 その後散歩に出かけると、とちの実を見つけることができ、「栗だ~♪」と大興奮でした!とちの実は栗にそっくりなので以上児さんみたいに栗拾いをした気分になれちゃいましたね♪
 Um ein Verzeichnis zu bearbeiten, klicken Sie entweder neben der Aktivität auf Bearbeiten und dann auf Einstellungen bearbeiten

==

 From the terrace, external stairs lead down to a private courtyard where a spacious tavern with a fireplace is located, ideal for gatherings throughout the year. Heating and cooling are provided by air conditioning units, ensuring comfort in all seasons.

*Work to be completed*
Word for word, restate the lines of the data above that fall between the line holding "その後散歩に出かけると、とち" and the line holding "Um ein Verzeichnis", inclusive, and no other lines.

*Result*
 その後散歩に出かけると、とちの実を見つけることができ、「栗だ~♪」と大興奮でした!とちの実は栗にそっくりなので以上児さんみたいに栗拾いをした気分になれちゃいましたね♪
 Um ein Verzeichnis zu bearbeiten, klicken Sie entweder neben der Aktivität auf Bearbeiten und dann auf Einstellungen bearbeiten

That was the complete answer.